_Exercise details_
Return only the lines from the top of the data down to the one that holds "RaoniMetuktirelíder indígena da", both included, without any pictures.

_Data block_

···

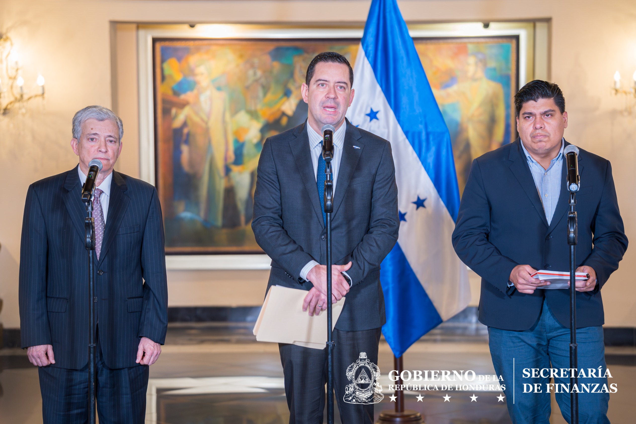 En la comparecencia de prensa en Casa de Gobierno, Hernández Hércules estuvo acompañado por el presidente del Banco Central de Honduras (BCH), Roberto Lagos, y el
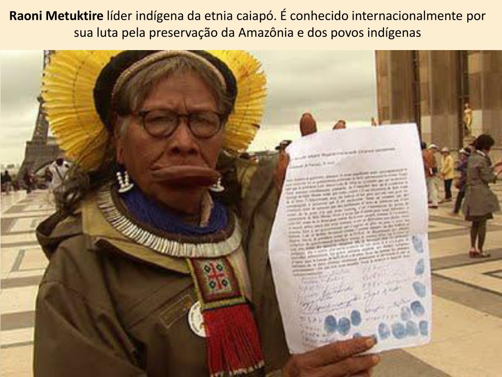 RaoniMetuktirelíder indígena da etnia caiapó. É conhecido internacionalmente por sua luta pela preservação da Amazônia e dos povos indígenas
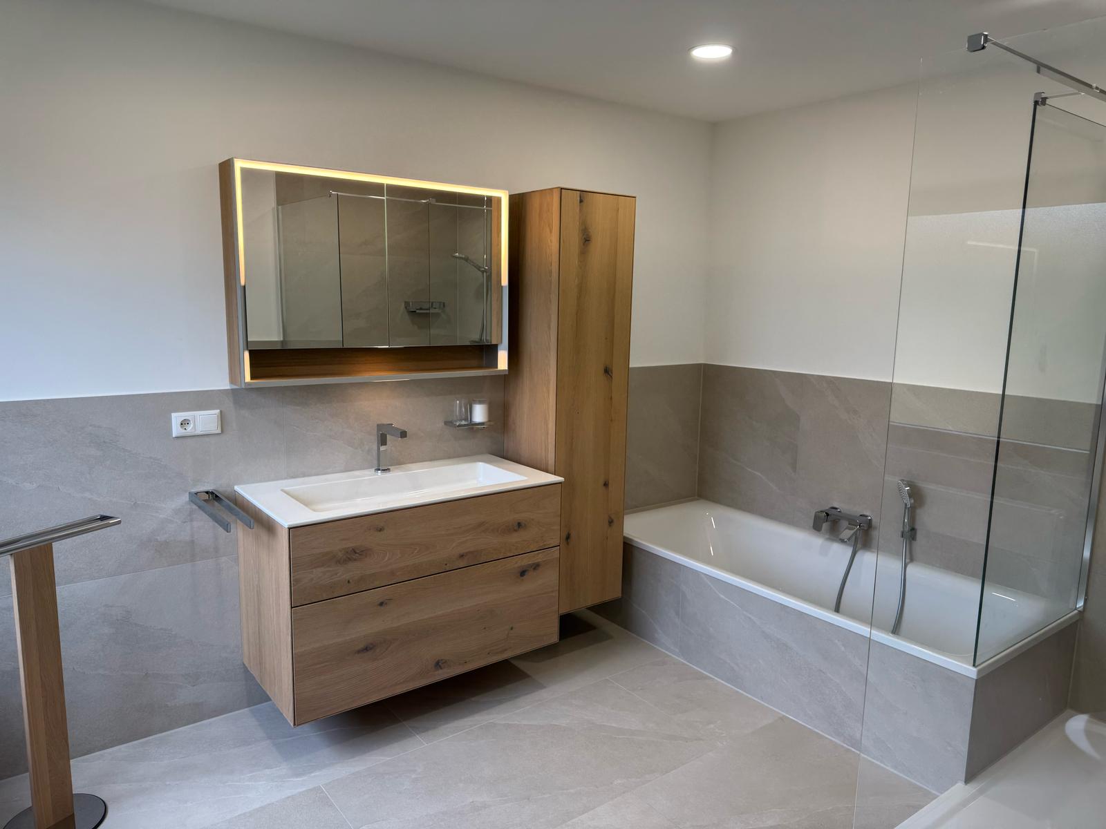 Von der ersten Planung bis zur finalen Umsetzung begleiten wir Sie bei Ihrer Badsanierung mit Fachkompetenz und Sorgfalt. Ob Sanitärinstallationen, Fliesenverlegung, Elektroarbeiten oder Maler- und Verputzarbeiten – bei uns erhalten Sie alle Leistungen aus einer Hand. Mit hochwertigen Materialien, präziser Handwerkskunst und einem Auge fürs Detail schaffen wir ein Bad, das Ihren Wünschen perfekt entspricht.

···

_Output of the task_
 En la comparecencia de prensa en Casa de Gobierno, Hernández Hércules estuvo acompañado por el presidente del Banco Central de Honduras (BCH), Roberto Lagos, y el
 RaoniMetuktirelíder indígena da etnia caiapó. É conhecido internacionalmente por sua luta pela preservação da Amazônia e dos povos indígenas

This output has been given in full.